To my left are cubes full of people . . . sometimes two or even three people in a cube. They are full . . . they are all working.
The offices are for managers, directors and VPs. The cubes are ostensibly for the lower level employees, but they are actually full of a wide range of consultants, contractors and independents.
This is the state of IT in most organizations today. Most of the full time employees left in IT organizations are those that manage the vendors, consultants and contractors. Most of the people who do the coding, answer the help desk, reboot servers, and even train users are no longer employees of the company. They work for someone else and just happen to be temporarily stationed at this client, on this project.
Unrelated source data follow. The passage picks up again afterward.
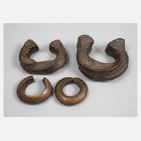 Westafrika, 19./20. Jh., vier Stück, Bronze bräunlich patiniert, Primitivgeld in verschiedener Form, teils aufwendig ornamental verziert, Altersspuren, L max. 13 cm.
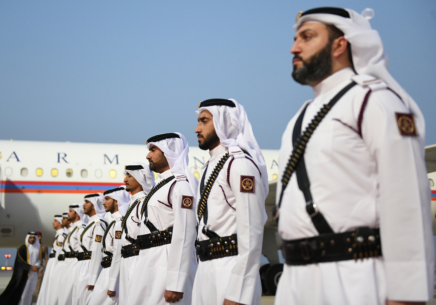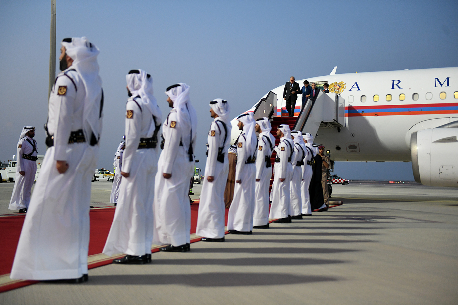 В международном аэропорту Дохи «Хамад» были подняты государственные флаги Республики Армения и Государства Катар, выстроен почётный караул.
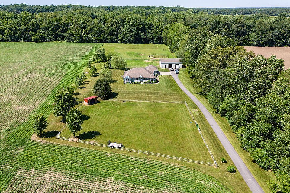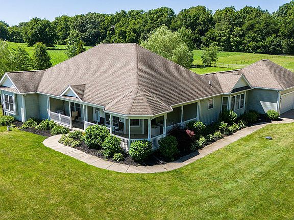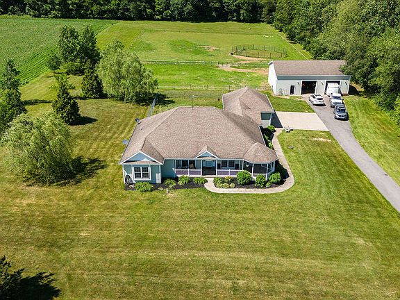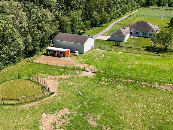 Welcome to a serene retreat set back from the road with paved drive on a 5-acre lot offering a perfect blend of tranquility & convenience. Charming 3 bed 3 bath home boasts modern updates, wraparound front porch, gas fireplace, open concept living, kitchen pantry, main floor laundry, & 3 car attached garage. Full basement with 9 ft ceilings, workshop area, & plumbed for bathroom. Back porch with fenced area overlooking 2 of the 3 pastures. 36 x 50 concrete floor pole barn with tack room & plenty of storage including a hay loft. 3 stall barn with electric & water for your equine companions. A run-in shed provides additional shelter for livestock or storage. Zoned for 3-4 horses & all pastures have electric fencing. High speed fiber optic currently being installed & available this summer.
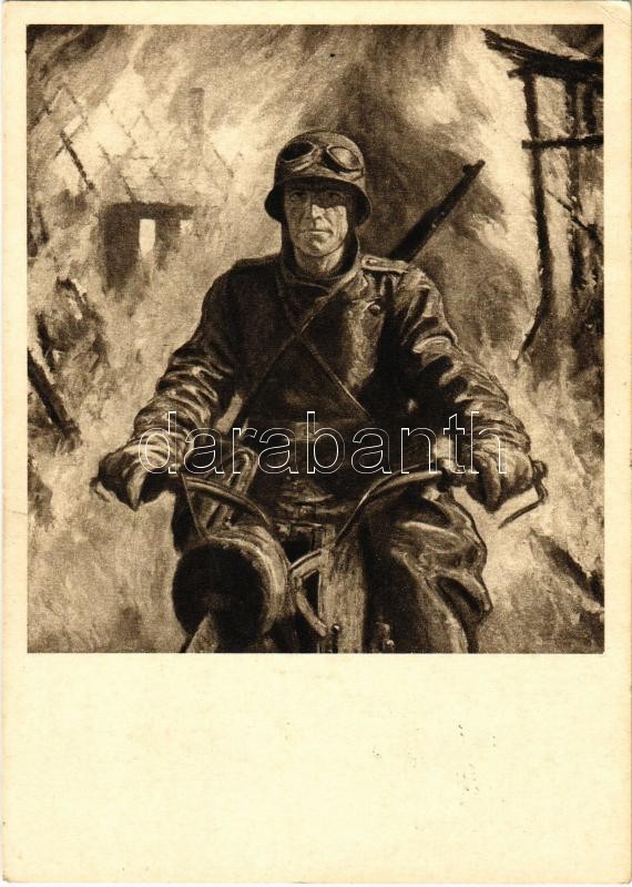 1944 Motorkerékpáros Keleten / WWII German military art postcard, NSDAP German Nazi Party propaganda, soldier with motorcycle s: Otto Engelhardt-Kyffhäuser (EK)
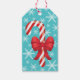 Feierliche und niedliche rot-weiße Cartoon-Illustration eines köstlichen Weihnachtskerzenstock mit einem schönen roten Bogen. Die Hintergrundfarbe ist blau mit einem Schneeflockenmuster. Auf der anderen Seite steht "Frohe Weihnachten!" zusammen mit einem anpassbaren Textbereich für die Namen des Geschenkempfängers und des Geschenkleifers.

At 10:00, the doors to the conference rooms open and noise and management staff spill into the hallway. For about 5 minutes, the hallway is full of life (and tension). Managers and directors run into their offices to check an email or find a document or find the location of their next meeting and then they shuffle back down the hall. The conference room doors close. It is quiet again. The offices are empty again and the work keeps getting done . . . by people who don’t work for the company.
Clearly, most companies have decided that technology is not strategic to them . . . it is more important to get salary costs down than it is to invest in innovation and creativity. And yet, the reason I am here, standing in this now-quiet hallway is that this company can’t seem to do anything creative with technology anymore. Small competitors in their industry are killing them in the market. This company’s revenues have stagnated, and the little guys are creating new products that are cutting into margins of products that were once very profitable.
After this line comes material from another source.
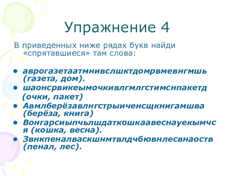 В приведенных ниже рядах букв найди «спрятавшиеся» там слова:

I can’t help but wonder if the little startups have outsourced their development to Accenture, their help desk to IBM, and their infrastructure to Infosys. Is it any wonder that a company staffed primarily by managers and directors that move work around from vendor to vendor would start to fall behind on innovation in their industry? Is it really a good idea to have the majority of your technology staff employed by other companies? Have these companies really thought through the implications?